Minus dari PDIP, Berikut Daftar 59 Calon Wamen yang Bertemu Prabowo Hari Ini
JAKARTA, investortrust.id - Presiden terpilih Prabowo Subianto melanjutkan memanggil para calon penghuni kabinet pemerintahannya mendatang ke kediamannya di Jalan Kertanegara, Jakarta, Selasa (15/10/2024). Bahkan, jumlah calon pejabat yang dipanggil hari ini lebih banyak dibanding Senin (15/10/2024) kemarin.

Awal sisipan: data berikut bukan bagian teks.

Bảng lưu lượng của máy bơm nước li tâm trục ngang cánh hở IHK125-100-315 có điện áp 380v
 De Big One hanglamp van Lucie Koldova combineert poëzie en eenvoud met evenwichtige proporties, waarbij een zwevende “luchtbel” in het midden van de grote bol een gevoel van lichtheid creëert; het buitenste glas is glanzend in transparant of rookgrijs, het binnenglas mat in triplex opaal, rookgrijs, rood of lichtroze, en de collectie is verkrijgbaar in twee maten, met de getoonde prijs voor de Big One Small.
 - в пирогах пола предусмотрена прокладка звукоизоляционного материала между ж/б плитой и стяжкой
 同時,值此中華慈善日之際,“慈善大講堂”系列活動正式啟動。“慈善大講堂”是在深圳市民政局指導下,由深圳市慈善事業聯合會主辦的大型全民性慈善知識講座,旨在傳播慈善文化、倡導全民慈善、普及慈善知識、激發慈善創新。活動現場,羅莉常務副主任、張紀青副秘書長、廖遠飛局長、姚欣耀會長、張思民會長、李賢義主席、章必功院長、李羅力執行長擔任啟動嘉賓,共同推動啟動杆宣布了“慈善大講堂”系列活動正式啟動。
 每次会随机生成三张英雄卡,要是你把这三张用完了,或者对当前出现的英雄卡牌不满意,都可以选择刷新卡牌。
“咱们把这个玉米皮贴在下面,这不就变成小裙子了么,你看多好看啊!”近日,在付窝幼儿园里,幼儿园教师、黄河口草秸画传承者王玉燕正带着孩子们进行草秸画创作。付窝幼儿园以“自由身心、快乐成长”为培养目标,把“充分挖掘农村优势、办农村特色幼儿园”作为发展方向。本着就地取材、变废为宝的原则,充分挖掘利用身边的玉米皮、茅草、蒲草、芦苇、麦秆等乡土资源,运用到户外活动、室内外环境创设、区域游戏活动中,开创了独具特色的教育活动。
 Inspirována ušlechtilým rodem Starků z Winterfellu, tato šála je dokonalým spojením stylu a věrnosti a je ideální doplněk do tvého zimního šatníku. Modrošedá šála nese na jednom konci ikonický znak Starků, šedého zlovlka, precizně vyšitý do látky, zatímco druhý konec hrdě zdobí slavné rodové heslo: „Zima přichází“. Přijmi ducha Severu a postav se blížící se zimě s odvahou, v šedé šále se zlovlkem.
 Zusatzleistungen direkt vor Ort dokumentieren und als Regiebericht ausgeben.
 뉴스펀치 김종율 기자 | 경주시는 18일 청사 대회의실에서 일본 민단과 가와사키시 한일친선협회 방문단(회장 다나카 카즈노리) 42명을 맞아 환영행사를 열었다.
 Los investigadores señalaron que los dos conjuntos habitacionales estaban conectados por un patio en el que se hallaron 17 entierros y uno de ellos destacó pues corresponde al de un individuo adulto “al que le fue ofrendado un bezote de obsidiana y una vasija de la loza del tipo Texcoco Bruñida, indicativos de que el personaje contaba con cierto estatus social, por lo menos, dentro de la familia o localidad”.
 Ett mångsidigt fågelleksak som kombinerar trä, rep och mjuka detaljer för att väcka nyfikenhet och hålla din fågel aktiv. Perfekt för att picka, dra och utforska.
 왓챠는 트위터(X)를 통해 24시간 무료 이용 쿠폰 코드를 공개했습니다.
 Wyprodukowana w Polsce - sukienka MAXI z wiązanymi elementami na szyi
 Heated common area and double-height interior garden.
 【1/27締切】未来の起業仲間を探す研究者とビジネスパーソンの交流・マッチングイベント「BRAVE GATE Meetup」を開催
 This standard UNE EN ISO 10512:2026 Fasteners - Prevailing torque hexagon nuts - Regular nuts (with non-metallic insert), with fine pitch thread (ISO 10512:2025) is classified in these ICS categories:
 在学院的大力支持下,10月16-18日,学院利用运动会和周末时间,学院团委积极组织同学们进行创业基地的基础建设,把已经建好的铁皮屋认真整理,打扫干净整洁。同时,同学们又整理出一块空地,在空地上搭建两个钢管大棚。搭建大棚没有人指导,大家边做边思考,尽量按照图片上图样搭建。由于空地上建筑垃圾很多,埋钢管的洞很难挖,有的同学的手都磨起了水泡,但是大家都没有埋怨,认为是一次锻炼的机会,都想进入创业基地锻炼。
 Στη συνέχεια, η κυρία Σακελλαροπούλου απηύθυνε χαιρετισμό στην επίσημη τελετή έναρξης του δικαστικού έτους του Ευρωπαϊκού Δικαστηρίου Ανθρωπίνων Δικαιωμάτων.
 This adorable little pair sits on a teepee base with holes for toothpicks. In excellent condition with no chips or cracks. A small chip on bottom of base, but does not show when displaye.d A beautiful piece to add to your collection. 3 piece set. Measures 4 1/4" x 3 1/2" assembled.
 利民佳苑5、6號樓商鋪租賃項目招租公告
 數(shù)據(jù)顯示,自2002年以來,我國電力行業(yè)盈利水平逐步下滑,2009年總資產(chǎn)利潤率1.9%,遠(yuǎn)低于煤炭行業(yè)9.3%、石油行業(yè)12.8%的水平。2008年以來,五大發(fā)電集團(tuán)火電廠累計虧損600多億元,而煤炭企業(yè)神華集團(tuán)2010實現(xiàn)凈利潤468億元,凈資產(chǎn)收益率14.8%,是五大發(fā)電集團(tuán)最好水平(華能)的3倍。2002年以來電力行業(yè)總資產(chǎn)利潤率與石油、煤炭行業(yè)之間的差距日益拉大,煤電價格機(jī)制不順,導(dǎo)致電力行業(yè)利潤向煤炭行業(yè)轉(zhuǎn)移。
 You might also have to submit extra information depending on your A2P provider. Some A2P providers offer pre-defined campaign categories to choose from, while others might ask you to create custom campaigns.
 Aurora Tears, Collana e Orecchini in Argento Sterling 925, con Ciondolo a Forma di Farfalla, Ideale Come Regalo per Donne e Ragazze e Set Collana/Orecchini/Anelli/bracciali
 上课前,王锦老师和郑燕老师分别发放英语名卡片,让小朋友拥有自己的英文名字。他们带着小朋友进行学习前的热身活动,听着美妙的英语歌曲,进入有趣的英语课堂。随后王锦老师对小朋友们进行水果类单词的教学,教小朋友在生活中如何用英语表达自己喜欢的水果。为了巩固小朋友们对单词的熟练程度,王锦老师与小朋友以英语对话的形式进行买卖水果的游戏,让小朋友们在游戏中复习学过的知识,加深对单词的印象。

Berdasarkan catatan investortrust.id, terdapat 59 calon wakil menteri (wamen) dan kepala badan yang dipanggil dan bertemu Prabowo di Kertanegara hari ini. Sementara, pada hari kemarin, Prabowo memanggil 49 calon menteri.
Baca Juga
Stella Christie, Guru Besar Tsinghua University yang Bakal Masuk Kabinet Prabowo
Sebanyak 59 calon wamen dan kepala badan itu memiliki latar belakang beragam. Terdapat calon yang merupakan wakil menteri saat ini, elite politik, profesional, relawan, hingga figur publik, akademisi, dan pendakwah.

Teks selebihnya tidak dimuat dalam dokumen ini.